Since our Matrix class always has exactly 4 elements, our __len__ method always returns 4. In most cases, you will need to determine the current size of your collection and return that.

Getting and setting elements

We can get items in our collection, using the list style [] notation. We just need to define __getitem__ like this:

class Matrix:

    def __init__(self, a, b, c, d):
        self.data = [a, b, c, d]

    def __str__(self):
        return '[{}, {}][{}, {}]'.format(self.data[0],
                                         self.data[1],
                                         self.data[2],
                                         self.data[3])

    def __getitem__(self, i):
        return self.data[i]


a = Matrix(1, 2, 3, 4)
print(a[1])

When we print a[1], Python calls the __getitem__ method with i set to 1, which returns the value of element 1 of the matrix data.

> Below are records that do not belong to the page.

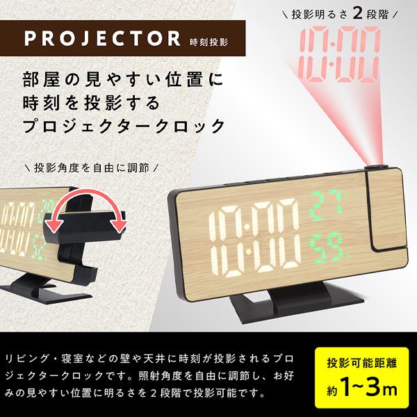 置き時計 投影 プロジェクター時計 デジタル時計 クロック 目覚まし時計 アラーム スヌーズ 時刻投影 木目調 USB 明るい 多機能 送料無料 5M◇ 投影クロック
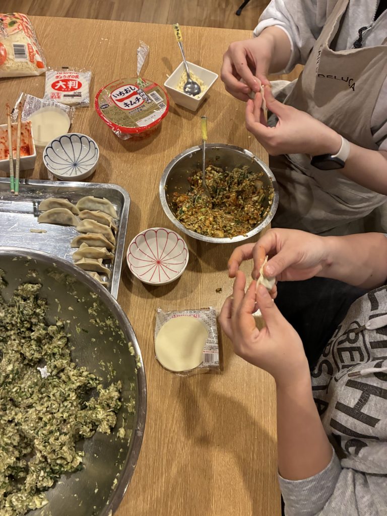 初めて、餃子を作る子もいたりして、みんなでわいわいしながら作る、あの時間いいですよね〜〜^^
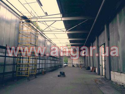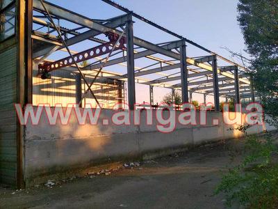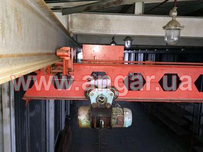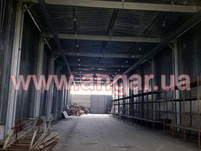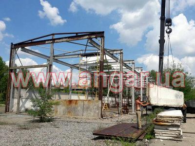 | Ангар прямостенного типа. Демонтированный каркас. Подойдет под складское производственное помещение. Несущие колонны из 30 двутавра. Шаг колонн 6м. Всего 22 несущих колонны. Кровельная балка из 45 двутавра. L=12м. На балке организована конструкция, создающая два ската, из швеллера сечением 160мм. По кровле 6 рядов прогонов из швеллера сечением 160мм. В комплекте подвесная кран балка грузоподъемностью 5т. |
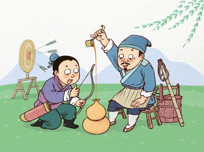 北宋康肃公陈尧咨善于射箭,他在自家院子里练习射箭时,一个卖油的老翁放下担子,站在那里注视着他,看着他的箭术十中八九,只是微微领首。
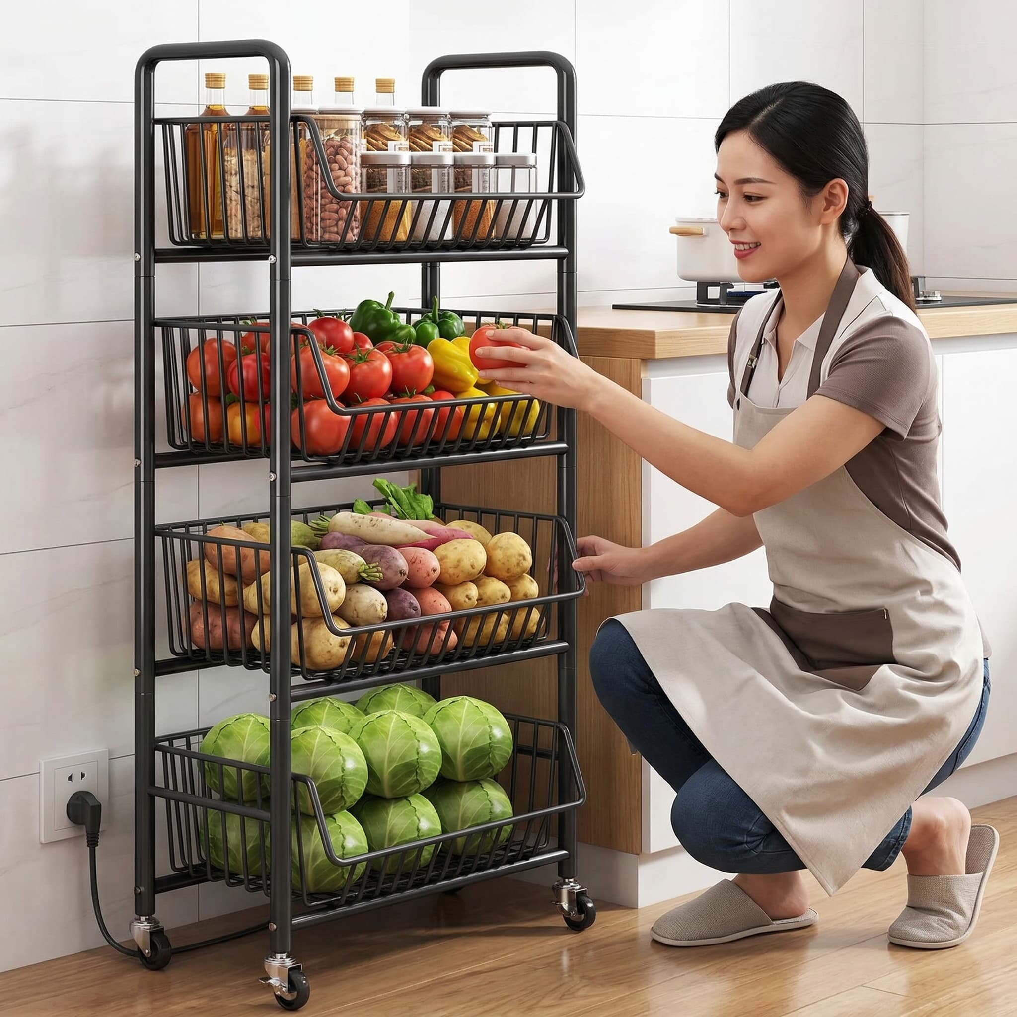 厨房蔬菜置物架落地多层菜篮收纳架新款多功能省空间可移动小推车
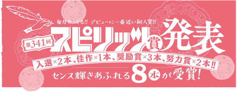 第341回スピリッツ賞に多数のご応募ありがとうございました。受賞作8作を発表いたします。
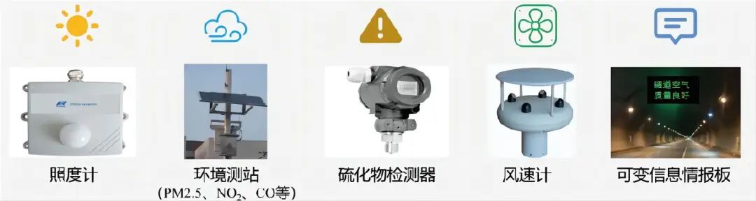 根据隧道设施实情,布设多种环境类传感器、推广易清洁环保涂料、应用新能源车辆设备。根据环境实测数据动态调整照明亮度,保证满足照明设计要求的同时实现节能降耗。利用实时采集的一氧化碳和二氧化氮浓度、风速等数据,控制程序自动判断污染物是否超出阈值,并自动控制风机适时启停。
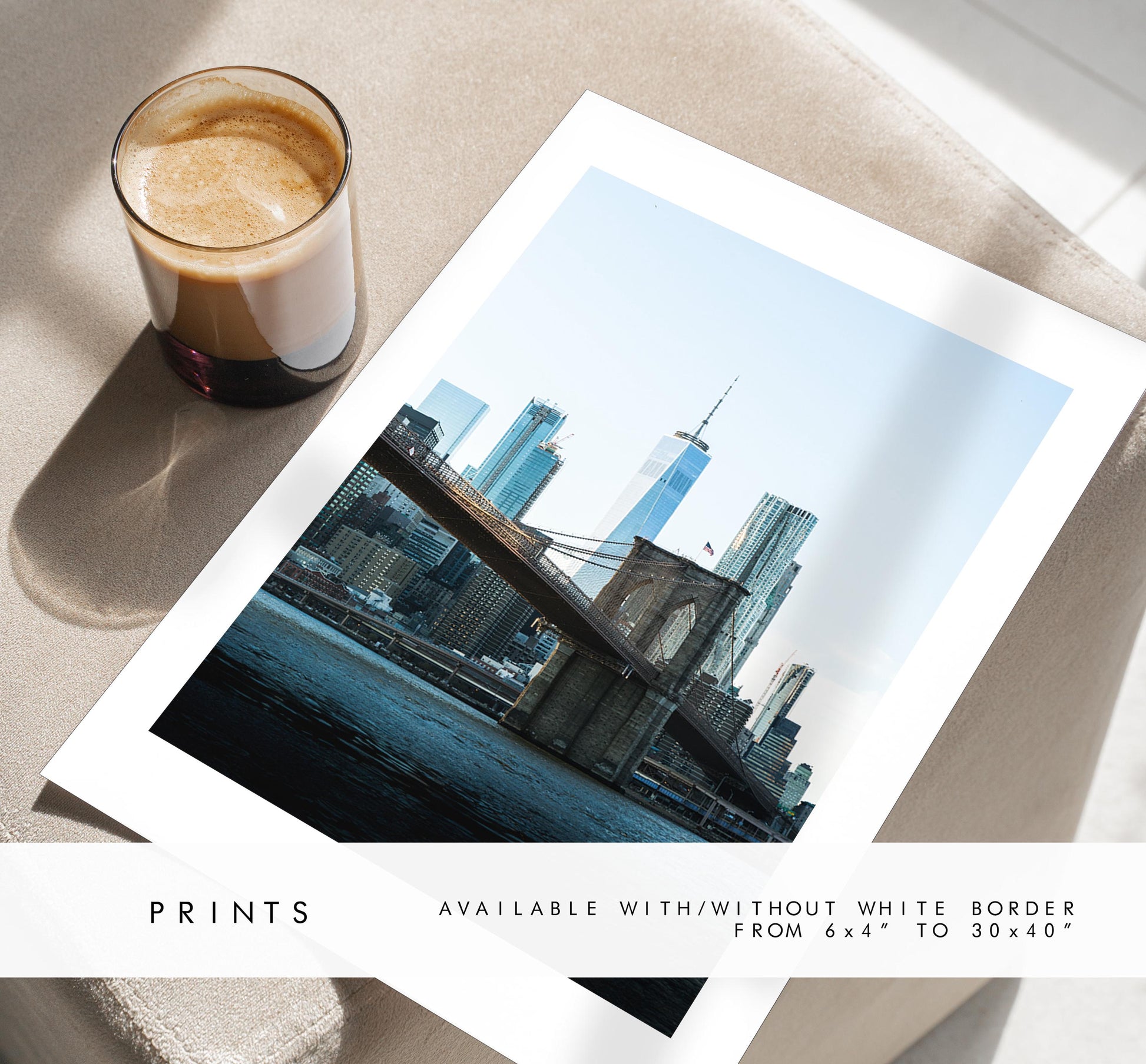 New York Skyline Print - New York Skyline - Manhattan Skyline - New York Print - Poster - Artwork - World Trade Centre - Brooklyn Bridge
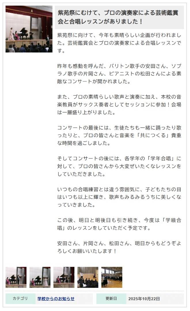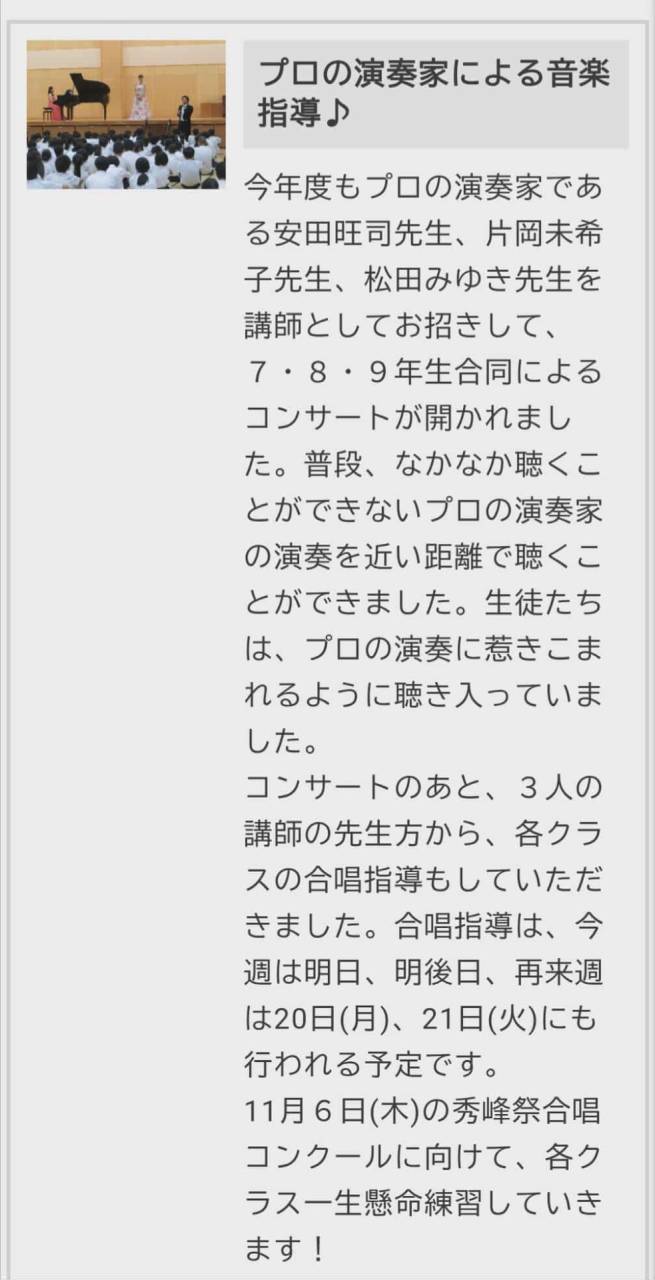 - コンサートのあと、そのまま各クラスの合唱練習を見てもらい、秀峰祭の合唱コンクールに向けた準備が一気に加速したこと。
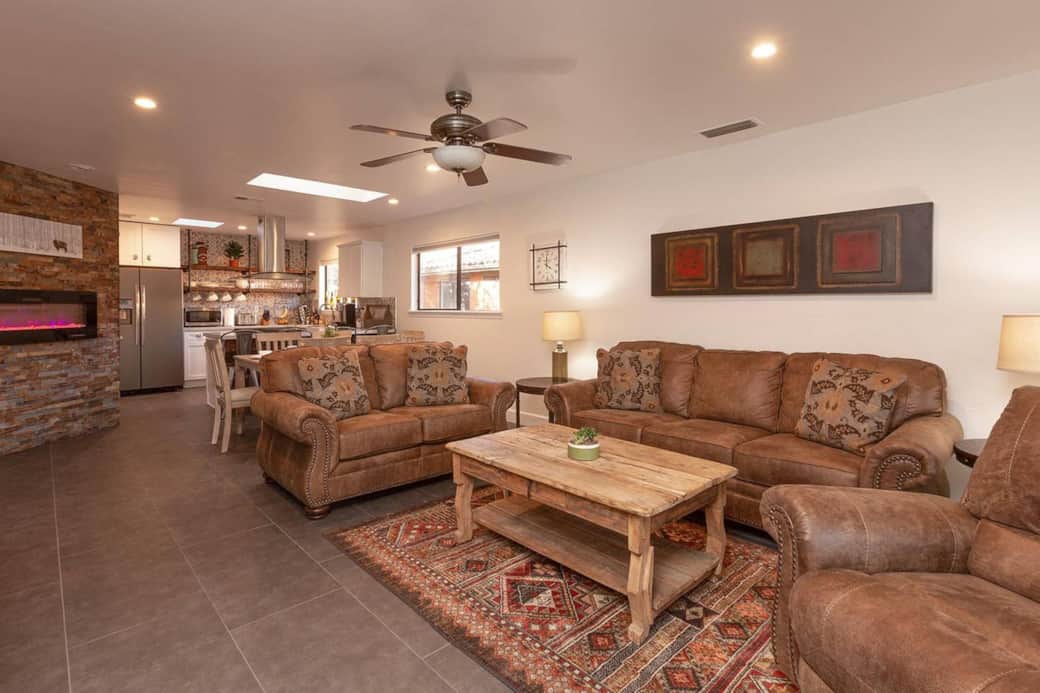 Uptown House "Prime Uptown Location" walk to shops, tours, eateries and trails. Relaxing hot tub, a large shared back- yard, and a full well-stocked kitchen, making it the perfect place for your whole group. House is 1100 square feet with Large window to let in plenty of wonderful natural light, chic decor creates a beautiful getaway that reflects the iconic Red Rock Mountains.Â
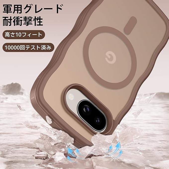 Telaso Google pixel 9A ケース ウェーブ 半透明 MagSafe対応 可愛い グーグル ピクセル9a ケース 波状 ワイアレス充電対応 黄変防止 レンズ保護 滑り止め マット感 薄型 ブラウン
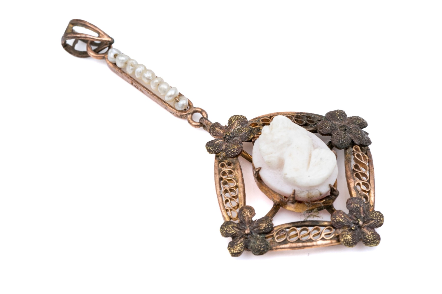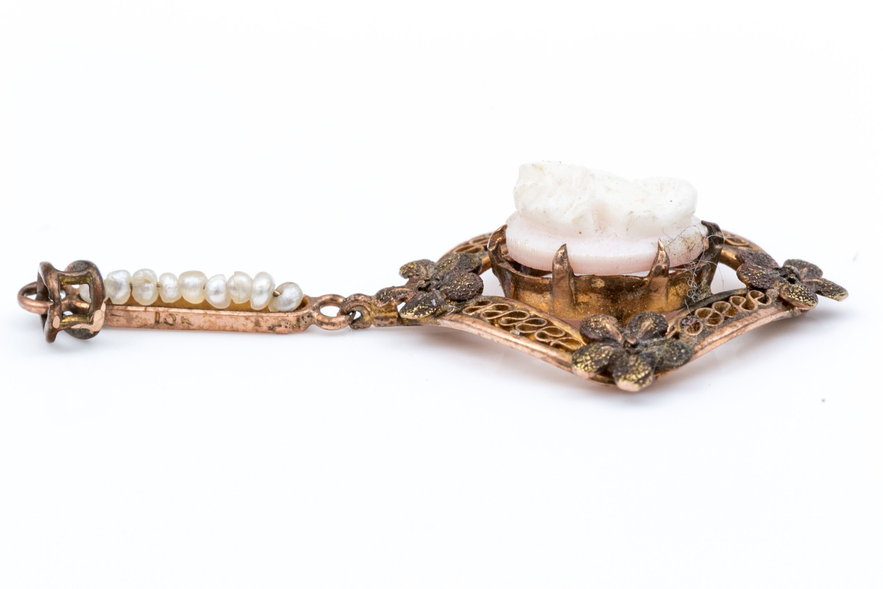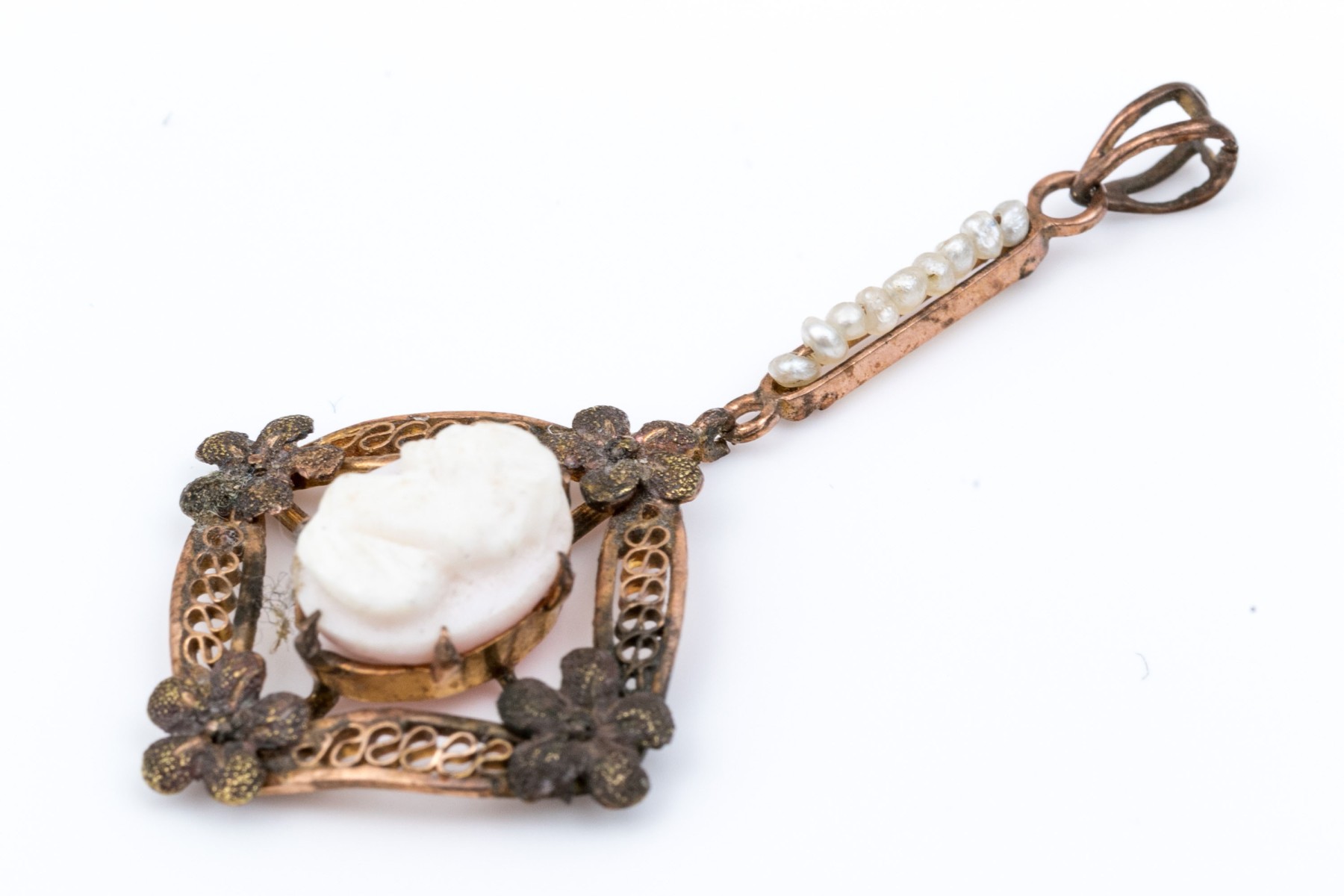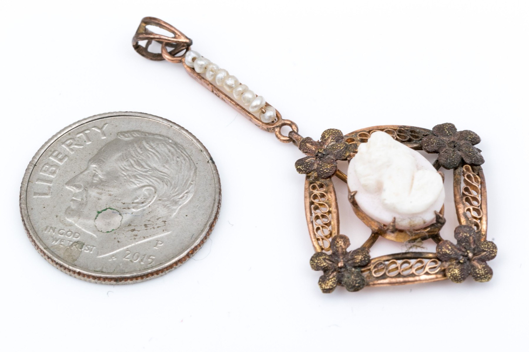 10k yellow gold pretty vintage cameo motif lavaliere pendant
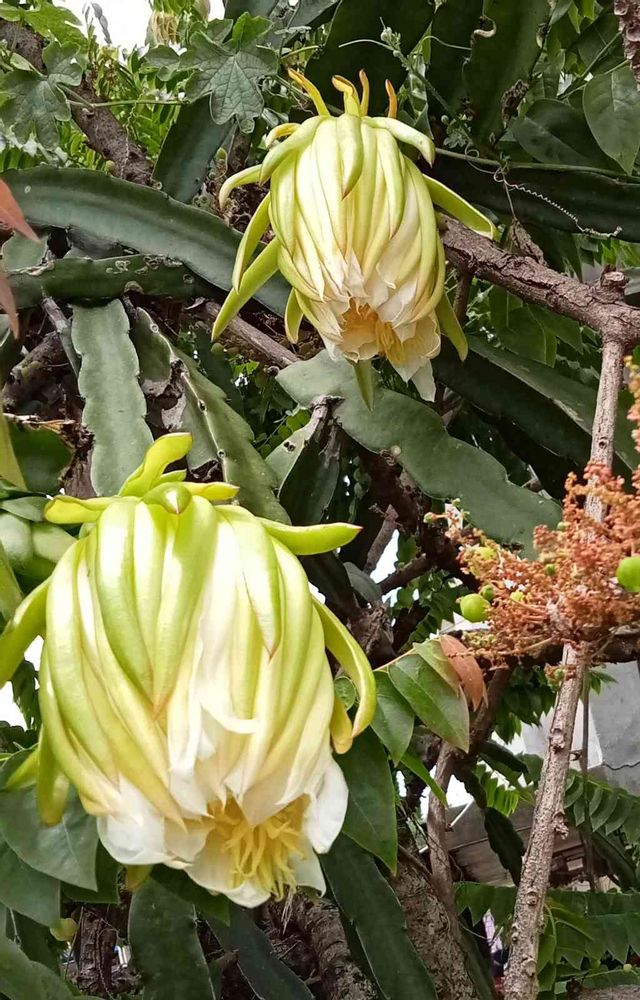 家の塀づたいにドラゴンフルーツを植えて成長したドラゴンフルーツで生垣みたいになっているお宅をよく見かけます
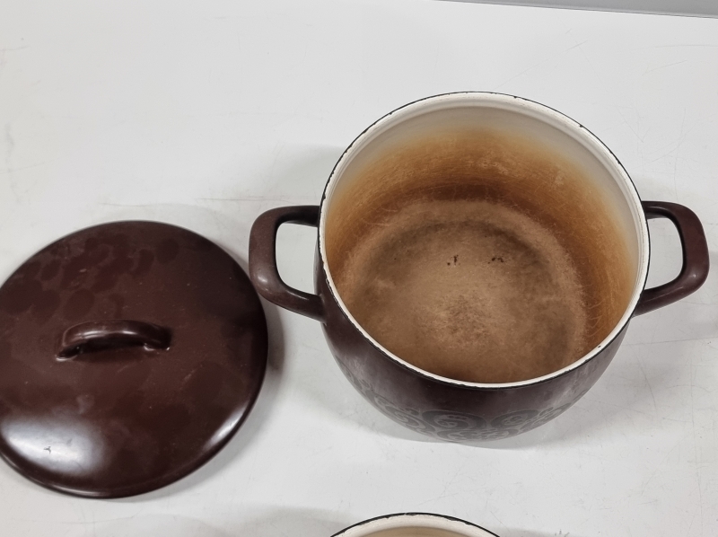 #2086 2kpl valurautaista pataa, mm. Antti Nurmesniemi, Lentävälautanen + 2kpl Finel kattilaa
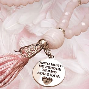sempre em sintonia com as melhores vibrações, as criações da encanto das contas são produzidas dentro de cuidadosas normas de qualidade. Desde a busca das melhores pedras até a pubicação de nossas coleções, todo o processo de confecção dos japamalas é feito pensando em encantar e atingir a satisfação plena de quem as recebe, fazendo parte dos momentos de meditação, conexão, elevação e autocuidado. Japamala 108 contas em cristal facetado rosa e pingente ho'oponopono
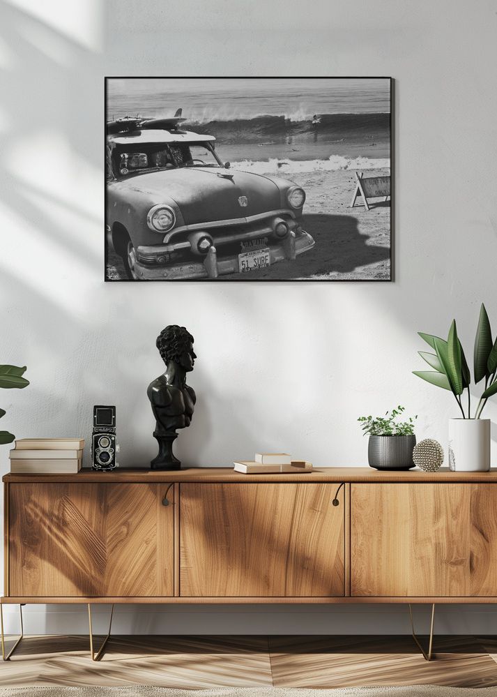 Denna svartvita poster fångar en nostalgisk strandscen med en gammal bil parkerad vid vattnet, vilket ger en känsla av äventyr och retrostil. Surfaren i bakgrunden kompletterar den avslappnade atmosfären perfekt, och motivet är idealt för den som älskar både klassiska bilar och surfkultur. Perfekt som print för att tillföra en vintage-charm till ditt hem eller kontor.
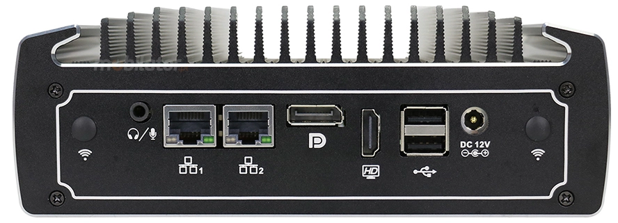 W przemysłowym Mini PC zastosowano sprawdzony system chłodzenia, oparty wyłącznie na elementach stałych, głównie radiatorach. W systemie tym wykorzystuje się zjawisko oddawania przez metale energii cieplnej do otoczenia – nie występują tu dodatkowe elementy ruchome w postaci np. wentylatorów. Takie rozwiązanie zapewnia bezgłośną pracę, mniejszą awaryjność oraz większą ochronę przed kurzem i innymi zabrudzeniami przy jednoczesnym zmniejszeniu ilości pobieranej energii.

We can set an item by defining the __setitem__ method and adding it to the Matrix class:

    def __setitem__(self, i, value):
        self.data[i] = value

Here is the code to test this:

a[2] = 10
print(a)

Which sets element 2 to value 10 (it does this by calling __setitem__ with i set to 2 and value set to 10). The ode prints the new value of a which is:

[1, 2][10, 4]

Deleting items

Many collections allow you to delete an item using the following syntax:

del a[1]   #Remove element at position 1

Our Matrix class, by definition, always has exactly 4 elements, so it doesn’t support delete. If it did we could implement it like this:

    def __delitem__(self, i):
        del self.data[i]

Now if we use del a[1] on a Matrix object a, it will remove element 1 from the self.data list, leaving just 3 elements. However, other functions in the Matrix class rely on there being 4 elements - which is fine, because the matrix is supposed to have 4 elements. For example __str__ accesses element index 3, which will no longer exist after running del. This means that print won’t work for Matrix after running del.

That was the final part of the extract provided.